Violence has spread quickly throughout South Sudan since the outbreak of civil war on 15 December 2013, when tensions flared within the army in events the government has called an attempted coup. Other armed groups have joined the conflict, as what began as a struggle between two leaders has become a vehicle for people to express complex political, social and economic grievances.
More than a million people, or around one in ten of the country’s population, have been internally displaced and more than 390,000 have fled the country (OCHA, June 2014). Attention and assistance has focused on the 95,000 internally displaced people (IDPs) sheltering in the UN peacekeeping mission’s military bases (UNMISS, June 2014), but 90 per cent of those fleeing their homes have taken refuge elsewhere, and have little access to protection, services or humanitarian aid.
Displacement in the country is primarily a protection concern, and extends far beyond the material needs of the newly displaced for food, water, shelter and non-food items.

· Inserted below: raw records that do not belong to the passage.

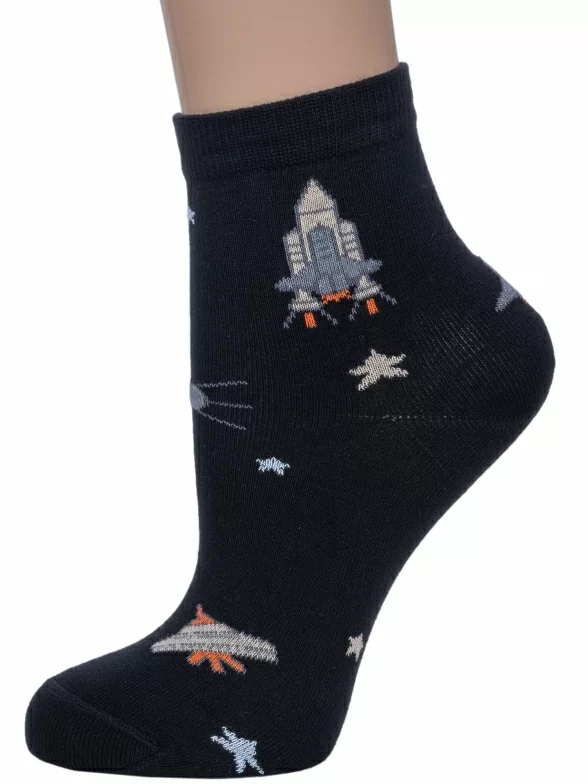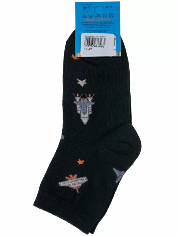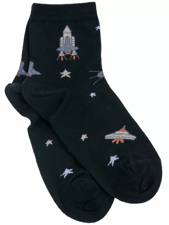 Симпатичные повседневные носочки для детей. Мягкие, удобные, эластичные - состоят на 85% из хлопка. А входящий в состав эластан и полиамид делают изделие более плотным, износостойким, но при этом хорошо тянущимся. Резиночка не пережимает нежную детскую кожу. Особенность модели - космический рисунок.
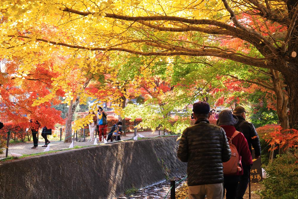 ● 紅葉シーズンは多くの旅行者が歩道を歩いているため、歩行者優先を心がける
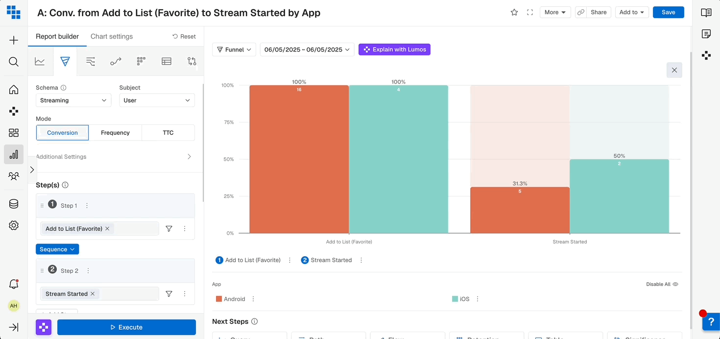 Between Step 1 and 2, or 2 and 3 etc. there may be instances where you only want to count a conversion if a user did NOT perform an event in-between. We allow this by clicking “Step Options” and selecting “Exclude Events”.
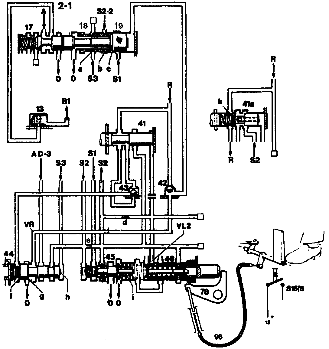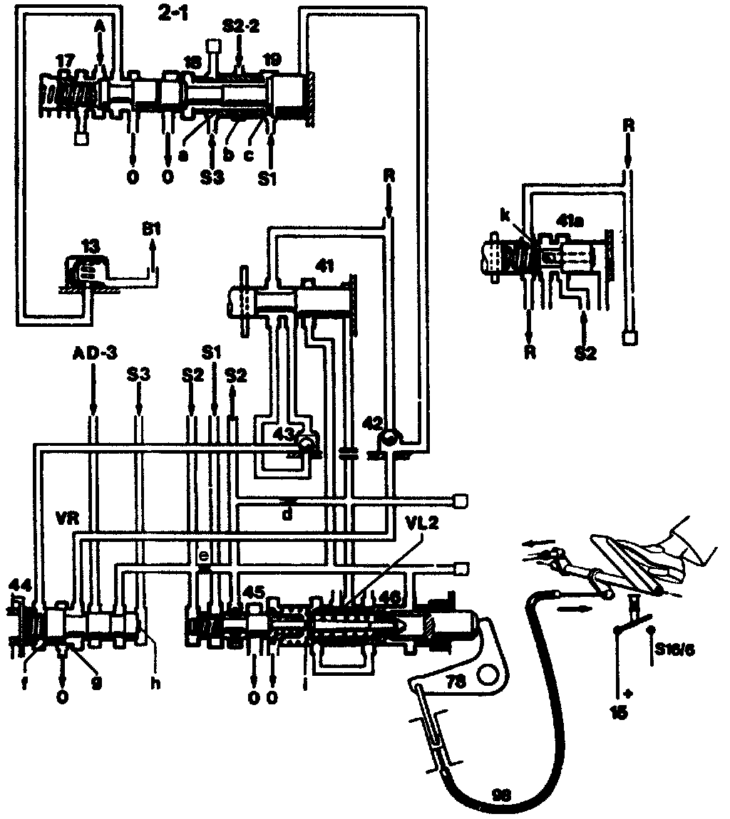 With kickdown the control pressure "S3" rises further. A 2-1 downshift is thus possible within the shift limit.
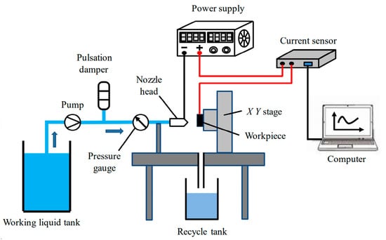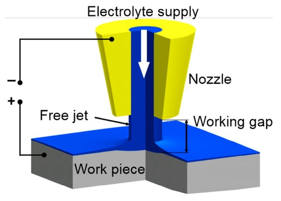 In addition to electrical discharge machining, numerous scholars have also conducted studies on electrochemical jet machining. Norbert et al. [] utilized three pH-neutral water electrolytes—sodium bromide, sodium chloride, and sodium nitrate—to perform electrochemical jet machining on SiCp/Al. The principle can be seen in Figure 10. The dissolution characteristics vary depending on the electrolyte utilized. The deepest point erosion is achieved by using NaCl as the electrolyte, followed by NaBr, while the shallowest erosion is obtained with NaNO3 or sodium bromide. Moreover, the width of point erosion primarily relies on the diameter of the nozzle employed. Therefore, the achievable width ranges from 2- to 3-times the nozzle diameter. The applied voltage and processing time are the main factors that control the size of point corrosion. The influence of particle fraction on depth and width is relatively minor.

What is now South Sudan has a long history of underdevelopment and conflict, and the multiple causes of displacement make for complex dynamics that frequently overlap. Some key drivers, however, can be identified in escalating armed conflict, recurrent natural hazards and considerable development challenges, which are all further complicated by a lack of inclusive governance and socio-economic marginalisation.
The capacity and willingness of government and opposition forces to protect civilians is questionable, given that both parties have committed grave abuses against them (protection cluster, May 2014). It has largely fallen to the international community to protect and assist IDPs, but many humanitarians and their donors have been caught off guard by the scale of the crisis and have not been able to respond immediately and effectively.
In February 2014, the UN declared the situation in South Sudan a level-three emergency, the most serious possible. Despite this, the response continues to be hampered by insecurity, logistical constraints, the looting of aid supplies, the harassment of aid workers, bureaucratic obstacles and uncertainty about funding.